The meanings of the parameters in the above generics are described as follows:

  • KS: represents the type of Key that Flink programs rely on when calling keyBy to build a Stream from the Source Operator at the most upstream;

  • IN1: indicates the type of Data records in non-broadcast Data streams.

  • IN2: indicates the type of data records in Broadcast Stream.

  • OUT: after KeyedBroadcastProcessFunction processElement () and processBroadcastElement () method after processing the output data record type.

Non-Keyed Stream

If the Data Stream is a non-keyed Stream, then it is connected to a Broadcasted Stream.

The code looks like this:

public abstract class BroadcastProcessFunction<IN1.IN2.OUT> extends BaseBroadcastProcessFunction {

public abstract void processElement(final IN1 value, final ReadOnlyContext ctx, final Collector<OUT> out) throws Exception;

public abstract void processBroadcastElement(final IN2 value, final Context ctx, final Collector<OUT> out) throws Exception;

}
Copy the code

The meaning of each parameter of the generic, and after the front of the generic type KeyedBroadcastProcessFunction 3 same meaning, but no call keyBy to partition the original Stream operation, there is no need for KS generic parameters.

emphasis

  1. Broadcast State is of Map type, that is, K-V type.

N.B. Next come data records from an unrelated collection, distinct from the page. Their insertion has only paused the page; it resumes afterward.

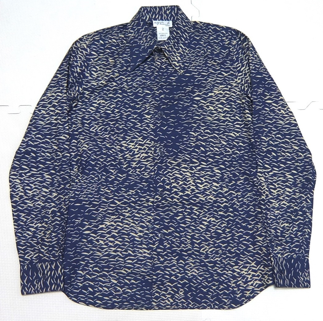 - 日本製 agnes b. アニエスベー 総柄 長袖シャツ 紺 2 美品
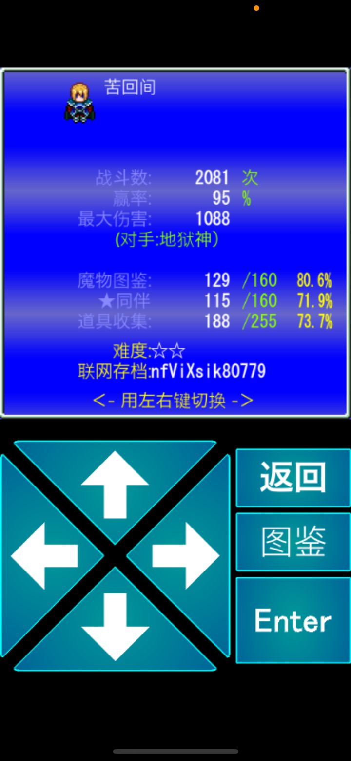 看图,这是我玩的大致情况,因为图片数目限制只发这些。看了看网上战斗次数有不到一千就通关的(暂且不提是否开挂,还有难易程度),我这个档两千多了还没通惊恐。因为各种原因导致这个存档的时间跨度有五年以上,这个月能找到这个档也是万幸。对战时间不计入总时长,所以游戏时长才那么点(但我确实是花了很长时间的)每次找回存档时都会徘徊很长时间想一下剧情进行到哪了,有几次不得已查看攻略。来来回回整的我
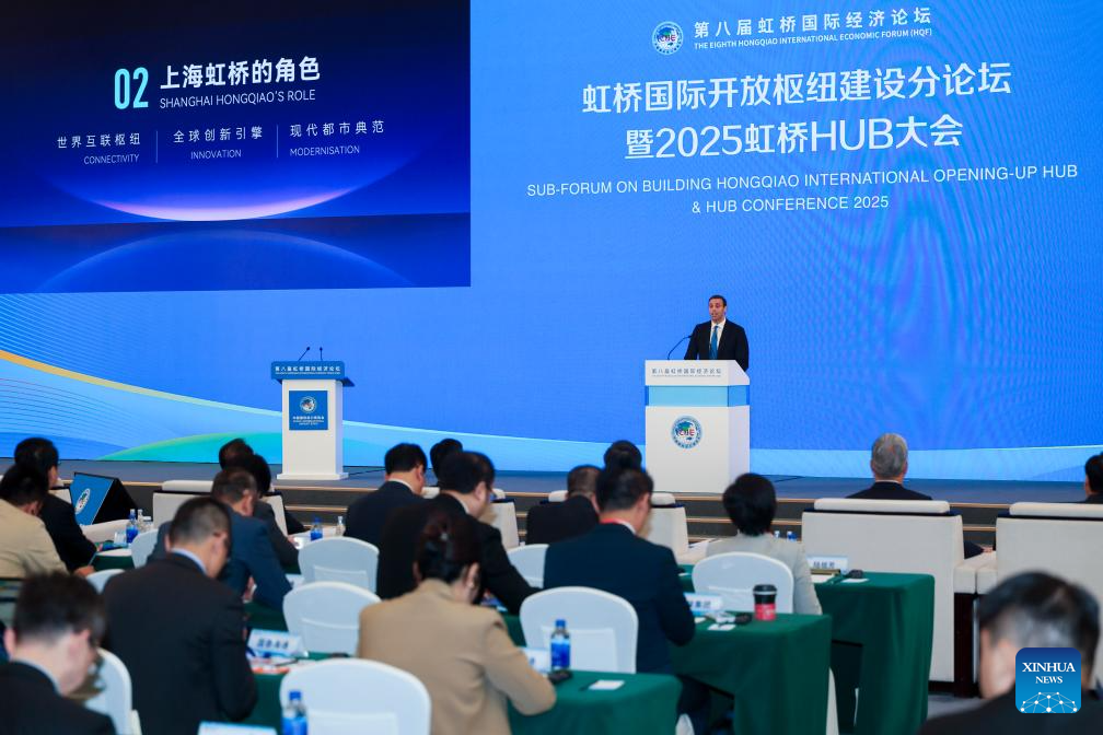 The Sub-forum on Building Hongqiao International Opening-up Hub and Hub Conference 2025 is held during the 8th Hongqiao International Economic Forum at the National Exhibition and Convention Center (Shanghai) in Shanghai, east China, Nov. 6, 2025. (Xinhua/Wang Xiang)
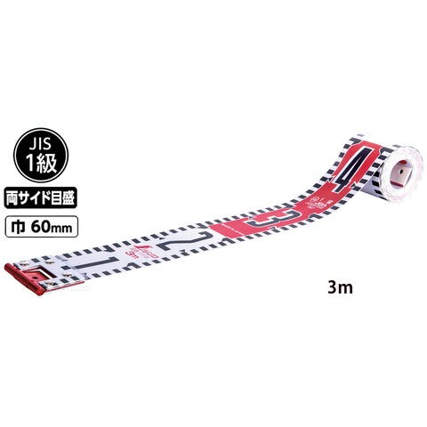 | 目盛 | 表面/タテ数字、両サイド目盛、20cm赤白、5mm単位 裏面/ヨコ数字、片サイド目盛、1m赤白、5mm単位 |
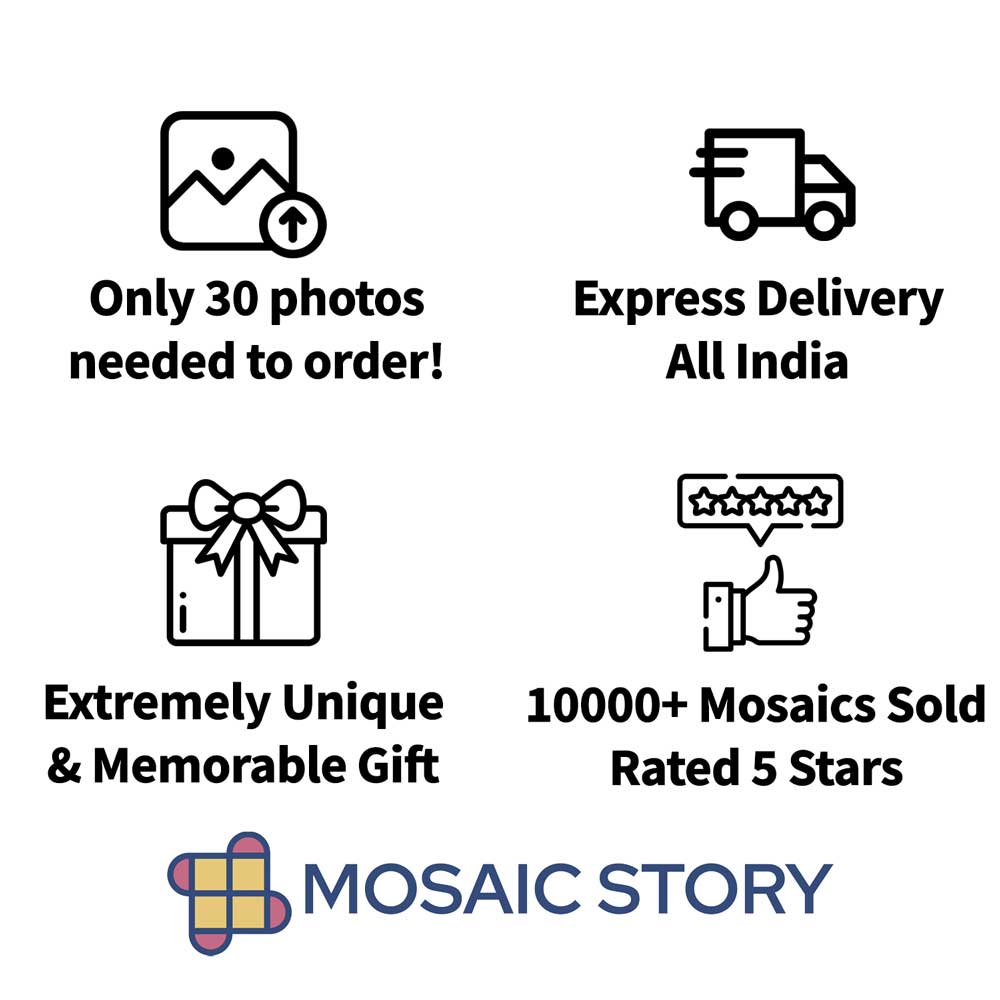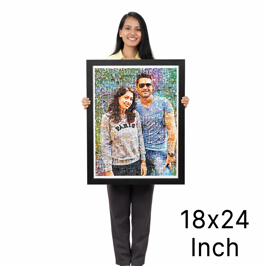 After we receive your photos, we will share a preview of your mosaic on your WhatsApp number within 24 hours. You can see the preview and give your confirmation. You can also request edits. We only print your mosaic photo frame and dispatch after your confirmation.
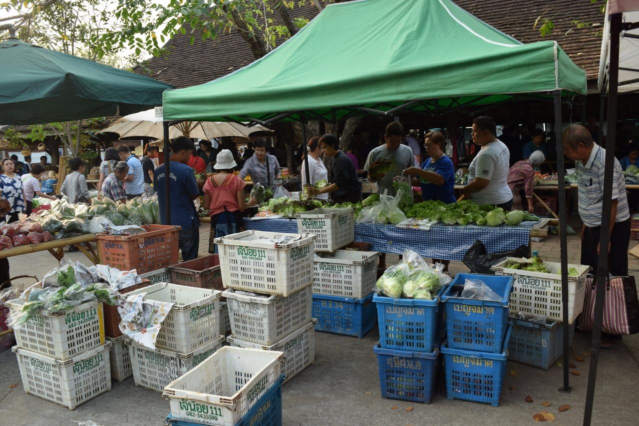 バンコクにも同名のJJマーケットはあるが、チェンマイのJJは、オーガニック野菜を農家が直営販売している土日の朝のみのマーケットです。

  2. Only on one side of the radio Broadcast the State, be in namely BroadcastProcessFunction or KeyedBroadcastProcessFunction processBroadcastElement method can be modified. On one side of the radio is read-only in BroadcastProcessFunction or KeyedBroadcastProcessFunction processElement method.

  3. The order of elements in Broadcast State may vary among tasks. Order based processing, need to be careful.

  4. Broadcast State At Checkpoint, each Task Checkpoint broadcasts the status.

  5. Broadcast State is stored in memory during runtime, but cannot be stored in RocksDB State Backend.